* **TASK PROMPT**
Exactly and in full, give the records again.

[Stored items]
/---

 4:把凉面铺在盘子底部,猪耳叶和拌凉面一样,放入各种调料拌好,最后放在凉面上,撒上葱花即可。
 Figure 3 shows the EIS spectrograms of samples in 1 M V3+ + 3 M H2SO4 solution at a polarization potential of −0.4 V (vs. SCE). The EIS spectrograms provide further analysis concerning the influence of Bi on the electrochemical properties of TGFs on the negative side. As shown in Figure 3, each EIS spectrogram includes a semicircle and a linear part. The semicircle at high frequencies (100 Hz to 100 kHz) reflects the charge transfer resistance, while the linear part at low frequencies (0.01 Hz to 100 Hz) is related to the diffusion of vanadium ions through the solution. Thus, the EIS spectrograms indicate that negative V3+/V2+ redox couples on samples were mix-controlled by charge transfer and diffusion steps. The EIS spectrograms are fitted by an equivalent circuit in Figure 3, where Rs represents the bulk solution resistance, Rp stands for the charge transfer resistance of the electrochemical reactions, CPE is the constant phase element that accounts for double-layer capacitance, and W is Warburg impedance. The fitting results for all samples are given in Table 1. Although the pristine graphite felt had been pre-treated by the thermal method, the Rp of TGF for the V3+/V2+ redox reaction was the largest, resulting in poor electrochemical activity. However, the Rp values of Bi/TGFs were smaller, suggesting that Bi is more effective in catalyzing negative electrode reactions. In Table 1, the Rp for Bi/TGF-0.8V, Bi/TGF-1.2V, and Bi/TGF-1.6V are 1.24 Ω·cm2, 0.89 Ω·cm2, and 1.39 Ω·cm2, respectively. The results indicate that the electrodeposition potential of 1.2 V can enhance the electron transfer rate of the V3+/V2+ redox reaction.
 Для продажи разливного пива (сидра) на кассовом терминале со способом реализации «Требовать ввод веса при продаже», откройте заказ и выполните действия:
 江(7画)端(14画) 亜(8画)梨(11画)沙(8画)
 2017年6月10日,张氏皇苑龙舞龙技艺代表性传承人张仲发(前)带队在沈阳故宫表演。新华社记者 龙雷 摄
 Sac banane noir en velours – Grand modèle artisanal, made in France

\---

* **RESULT OF THE EXERCISE**
 4:把凉面铺在盘子底部,猪耳叶和拌凉面一样,放入各种调料拌好,最后放在凉面上,撒上葱花即可。
 Figure 3 shows the EIS spectrograms of samples in 1 M V3+ + 3 M H2SO4 solution at a polarization potential of −0.4 V (vs. SCE). The EIS spectrograms provide further analysis concerning the influence of Bi on the electrochemical properties of TGFs on the negative side. As shown in Figure 3, each EIS spectrogram includes a semicircle and a linear part. The semicircle at high frequencies (100 Hz to 100 kHz) reflects the charge transfer resistance, while the linear part at low frequencies (0.01 Hz to 100 Hz) is related to the diffusion of vanadium ions through the solution. Thus, the EIS spectrograms indicate that negative V3+/V2+ redox couples on samples were mix-controlled by charge transfer and diffusion steps. The EIS spectrograms are fitted by an equivalent circuit in Figure 3, where Rs represents the bulk solution resistance, Rp stands for the charge transfer resistance of the electrochemical reactions, CPE is the constant phase element that accounts for double-layer capacitance, and W is Warburg impedance. The fitting results for all samples are given in Table 1. Although the pristine graphite felt had been pre-treated by the thermal method, the Rp of TGF for the V3+/V2+ redox reaction was the largest, resulting in poor electrochemical activity. However, the Rp values of Bi/TGFs were smaller, suggesting that Bi is more effective in catalyzing negative electrode reactions. In Table 1, the Rp for Bi/TGF-0.8V, Bi/TGF-1.2V, and Bi/TGF-1.6V are 1.24 Ω·cm2, 0.89 Ω·cm2, and 1.39 Ω·cm2, respectively. The results indicate that the electrodeposition potential of 1.2 V can enhance the electron transfer rate of the V3+/V2+ redox reaction.
 Для продажи разливного пива (сидра) на кассовом терминале со способом реализации «Требовать ввод веса при продаже», откройте заказ и выполните действия:
 江(7画)端(14画) 亜(8画)梨(11画)沙(8画)
 2017年6月10日,张氏皇苑龙舞龙技艺代表性传承人张仲发(前)带队在沈阳故宫表演。新华社记者 龙雷 摄
 Sac banane noir en velours – Grand modèle artisanal, made in France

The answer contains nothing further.